Most programs need a place to access, process, and store data. Although RAM provides some implementation for memory management, it is inadequate for meeting the demands of most applications. File systems are implemented to manage information on a much larger scale. The following properties characterize the benefits provided by any adequate file system:

CPU performance has increased on a non-linear scale as time has passed. However, disk performance continues to only improve at a steady, almost constant rate. With the development of the file system, CPU performance has far surpassed disk performance.

Figure 1: Performance Graph

The Disk Controller

Figure 2: The Disk Controller

A hard disk contains several platters containing data. The disk controller consists of an arm possessing several read/write heads for accessing data contained in each platter on the diak.
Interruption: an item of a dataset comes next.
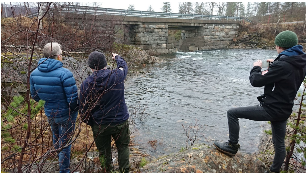
Bilde 1 Dambrua ved utløpet av Graurvassvatnet.

Ved utløpet av Graurvassbekken er det laget en bru/kulvert. Det er utfordringer med at denne fryser tett, og det legger seg issvull ut på veien. Fauske kommune må nesten årlig «steame» opp bekken under isen slik at den ikke tar nye løp ute på veien og ødelegger toppdekket. Isen fra bekken dekkles også av og til med snø slik at idet ikke danner seg issvull ut på veien. Dersom det skal gjøres noe med Dambrua, og veien for øvrig, er det viktig at det gjøres utbedringer her.

As the disk rotates about an axis, sectors of the platters spin under the heads and are read into a buffer. The heads are aligned, so a cylinder of data is read for every disk rotation. The arm manipulates which cylinders of data are read by moving the heads to different cylinders of the platters. To read a specific sector from the disk, the arm must move the heads to the right cylinder and wait for the sector to rotate under the head.

Devices

Device Metrics

Hard Disk Drives (HDD)

A hard disk drive is a storage device that uses disks to store data. The drive contains a disk controller for managing data on a hard disk. Many of the metrics of the hard disk are influenced by the spinning disk.
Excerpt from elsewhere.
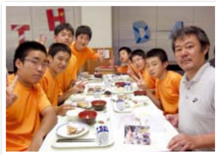
ファミリーとの交流会

Hard Disk Drive Example: Seagate Barracuda LP 2

Device Metrics Seagate Barracuda LP 2
Total Storage 2 TB
Cost $150
External Transfter Rate 300 MBits/s
Sustained Transfter Rate 90 MBits/s
Average Latency 5.5 ms
Average Seek Time 10 ms
Cache Size 32 MB
Disk Rotation Speed 5900 rpm (98.33 Hz)
Contact Starts and Stops 50,000
Power (Operating) 6.8 W
Power (Idle) 5.5 W
Read error rate 10^-14 nonrecoverable read errors per bit
AFR 0.32%
Operating Shock 70 G
Non Operating Shock 300 G
Noise (Operating) 2.6 Bels
Noise (Idle) 2.5 Bels

Solid-State Disks (SSD)

An SSD is a storage device that uses integrated circuits to store data. Data is stored electronically in the circuits instead of on a disk. SSD's contain no moving mechanical components, so they produce less noise, have smaller access times, and are less fragile than hard disks.
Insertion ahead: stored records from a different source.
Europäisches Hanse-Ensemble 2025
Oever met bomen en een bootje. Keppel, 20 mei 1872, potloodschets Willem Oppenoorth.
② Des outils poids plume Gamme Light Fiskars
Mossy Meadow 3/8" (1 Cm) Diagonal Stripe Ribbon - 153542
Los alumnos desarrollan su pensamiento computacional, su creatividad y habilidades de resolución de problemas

SSD Example: Corsair Force GT

Device Metrics Corsair Force GT
Total Storage 60 GB
Cost $90
External Transfter Rate 3 GBits/s
Sequential Read Rate 280 MBits/s
Sequential Write Rate 270 MBits/s
Mean Time Between Failure 1 Million Hours
Shock Capacity 1000 G
Maximum Power 20 Watts

Comparison

Device Metrics Seagate Barracuda LP 2 Corsair Force GT
Total Storage 2 TB 60 GB
External Transfter Rate 300 MBits/s 3 GBits/s
Cost $150 $90

Performance Strategies

Speculation

A file system uses speculation to improve performance by predicting requests ahead of time and processing them before the application makes them. The file system finishes work ahead of time to mask delay.

Example: Prefetching

Suppose an application reads blocks based on a predictable pattern. The file system could predict future blocks that the application will request and read them ahead of time. For example, if an application read adjacent blocks, the file system could read the next adjacent block before the application requests it.

Example: Batching

Suppose an application makes many requests to read data from a given location. Instead of reading one of these blocks each time the application requests one, the file system could read a large batch of blocks at once to prepare for future requests.

Dallying

When given a request by the application, the file system waits instead of processing the request immediately. Future requests may be done simultaneously with the previous request to save time as opposed to processing each request individually. Time is saved if simultaneous processing results in the prevention of repeating similar instructions for each request.

Example: Batching

Write data is placed on a buffer to write to the disk. Instead of performing a write for every write request, the file system delays writing to the disk until the buffer is full. Batching increases the amount of data to write but reduces the number of disk writes which saves time.

Example: Reading

Suppose an application requests a read from a given location and then requests another read from a different location. The file system could delay the processing of the request and instead wait for any future read requests from the current location. This reduces the amount of searching done for the file system.

Locality of Reference

In practice, data requests have patterns which can be analyzed to predict the application's next request.

Spatial Locality

The file system can take advantage of spatial locality if the application repeatedly requests data in locations that are adjacent to each other. Speculation can be used to access memory early and get data in adjacent locations before the application requests them. Dallying can be used to wait for all requests from the current location before accessing memory.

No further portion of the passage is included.